Sommaire général
 
  Débat : Quel antisémitisme ?
 
 

Introduction

Yves Charles Zarka


Il n’est pire aveugle que celui qui ne veut pas voir. Cet adage définit mieux que tout autre considération l’aveuglement actuel de la majorité de la classe politique française, toutes options politiques confondues, de certains responsables d’associations importantes et d’une grande part des médias, pour ne rien dire de la plupart des intellectuels, en tout cas ceux, et ils sont nombreux, dont la capacité d’indignation contre la violence semble être structurellement sélective, à l’égard des actes antisémites en France. Nous avons vu ces derniers mois le retour d’un antisémitisme à grande échelle. Et pourtant certains ne voient rien, ou plus exactement ils voient autre chose. Menaces, insultes et agressions sur des Juifs ; inscriptions injurieuses dans la plus pure inspiration nazie et coups de feu contre les commerces appartenant à des Juifs, incendies volontaires de synagogues, d’écoles et d’autres institutions juives : comment définir ces faits sinon comme des actes d’antisémitisme brut ? Et pourtant certains s’évertuent à nous faire accroire qu’il s’agit d’autre chose, voire de pas grand-chose : un phénomène social plus général, une mauvaise éducation de la jeunesse des banlieues défavorisées qu’il faut comprendre, voire excuser, mais pour lequel le nom d’antisémitisme serait totalement déplacé.
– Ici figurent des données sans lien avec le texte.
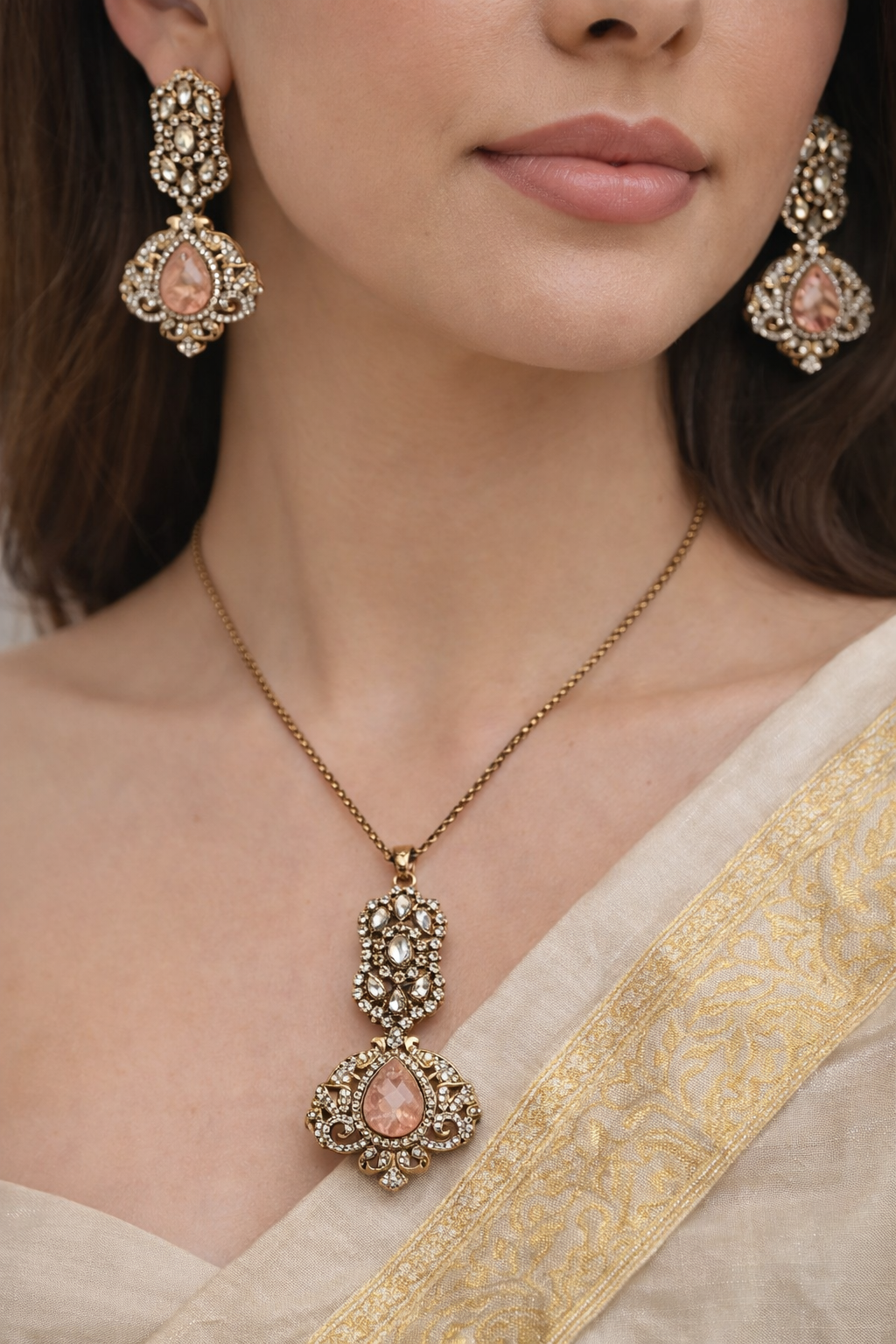 Victorian Pink Stone Pendent Set

On conteste d’abord le mot, alors que celui-ci, depuis près d’un siècle et demi, désigne prioritairement, voire exclusivement, l’hostilité à l’égard des Juifs. On conteste ensuite la chose : il ne s’agirait pas de haine des Juifs mais d’un phénomène social dû aux inégalités et aux injustices sociales qui amènent les jeunes français d’origine maghrébine à s’identifier à la cause palestinienne et à la transporter sur le territoire national. On feint d’oublier que ce sont exclusivement des personnes, des lieux de culte ou des institutions juives qui font l’objet de violences ouvertes. S’il s’agissait d’un phénomène plus général d’identification déplacée, des personnes, des lieux de culte et des institutions catholiques, protestantes ou musulmanes seraient également atteintes. Pourquoi uniquement des Juifs ? Comment expliquer cette exclusivité (sans doute provisoire) s’il ne s’agit pas d’antisémitisme ? Pourquoi ce refus de donner à la chose son nom traditionnel ?
Contre cet aveuglement volontaire, un certain nombre de personnalités courageuses se sont élevées par des interventions publiques, des articles de presse ou des livres. C’est le cas en particulier de Pierre-André Taguieff dans son livre, La nouvelle judéophobie et de Raphaël Draï, dans son ouvrage, Sous le signe de Sion : l’antisémitisme nouveau est arrivé. Cités a voulu mettre leurs thèses en débat, d’une part, en leur demandant de revenir sur leurs positions, et d’autre part, en soumettant ces positions aux commentaires de Lucien Jaume et de Michel Abitbol. Positions et commentaires sont suivis par un entretien avec Patrick Klugman, Président de l’Union des Etudiants Juifs de France, qui a publié avec SOS Racisme, un ouvrage comportant une chronologie des actes antisémites depuis le lancement de la seconde Intifada.